MATERIAL TO PROCESS START

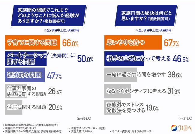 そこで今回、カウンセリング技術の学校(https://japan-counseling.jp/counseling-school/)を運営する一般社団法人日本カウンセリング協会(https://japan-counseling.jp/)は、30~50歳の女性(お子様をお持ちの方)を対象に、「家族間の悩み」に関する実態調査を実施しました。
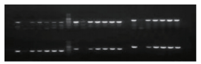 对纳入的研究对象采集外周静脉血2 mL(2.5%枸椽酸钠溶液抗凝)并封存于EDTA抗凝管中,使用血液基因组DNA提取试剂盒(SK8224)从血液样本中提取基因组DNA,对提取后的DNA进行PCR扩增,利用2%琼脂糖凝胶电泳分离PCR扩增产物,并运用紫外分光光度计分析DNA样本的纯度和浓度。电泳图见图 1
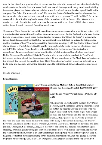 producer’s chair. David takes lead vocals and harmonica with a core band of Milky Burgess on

MATERIAL TO PROCESS END
MATERIAL TO PROCESS START

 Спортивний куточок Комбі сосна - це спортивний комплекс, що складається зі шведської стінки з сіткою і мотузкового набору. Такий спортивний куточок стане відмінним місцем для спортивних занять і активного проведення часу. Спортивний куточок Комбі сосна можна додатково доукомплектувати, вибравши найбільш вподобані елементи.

MATERIAL TO PROCESS END
MATERIAL TO PROCESS START

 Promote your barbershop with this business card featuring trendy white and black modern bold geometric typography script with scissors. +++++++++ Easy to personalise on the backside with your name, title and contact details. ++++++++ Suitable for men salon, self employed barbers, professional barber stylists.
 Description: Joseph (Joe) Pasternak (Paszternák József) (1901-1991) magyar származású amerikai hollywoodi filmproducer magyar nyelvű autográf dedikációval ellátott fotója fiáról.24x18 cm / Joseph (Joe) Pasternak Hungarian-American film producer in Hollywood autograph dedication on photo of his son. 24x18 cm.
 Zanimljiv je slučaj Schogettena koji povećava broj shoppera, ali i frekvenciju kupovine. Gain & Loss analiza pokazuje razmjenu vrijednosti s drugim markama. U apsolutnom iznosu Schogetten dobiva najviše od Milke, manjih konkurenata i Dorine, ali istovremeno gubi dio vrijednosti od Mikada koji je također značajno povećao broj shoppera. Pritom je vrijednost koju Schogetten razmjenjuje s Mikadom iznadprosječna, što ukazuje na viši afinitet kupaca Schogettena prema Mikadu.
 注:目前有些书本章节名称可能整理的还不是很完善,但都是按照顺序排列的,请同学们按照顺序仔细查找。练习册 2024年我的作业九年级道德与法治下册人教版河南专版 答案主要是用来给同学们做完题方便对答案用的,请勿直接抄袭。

MATERIAL TO PROCESS END

YOUR INSTRUCTIONS: Produce only the lines from the line containing "Promote your barbershop" through the line containing "Description: Joseph (Joe)", inclusive of both, exactly as they stand in the entries above.

SOLUTION TO THIS EXERCISE:
 Promote your barbershop with this business card featuring trendy white and black modern bold geometric typography script with scissors. +++++++++ Easy to personalise on the backside with your name, title and contact details. ++++++++ Suitable for men salon, self employed barbers, professional barber stylists.
 Description: Joseph (Joe) Pasternak (Paszternák József) (1901-1991) magyar származású amerikai hollywoodi filmproducer magyar nyelvű autográf dedikációval ellátott fotója fiáról.24x18 cm / Joseph (Joe) Pasternak Hungarian-American film producer in Hollywood autograph dedication on photo of his son. 24x18 cm.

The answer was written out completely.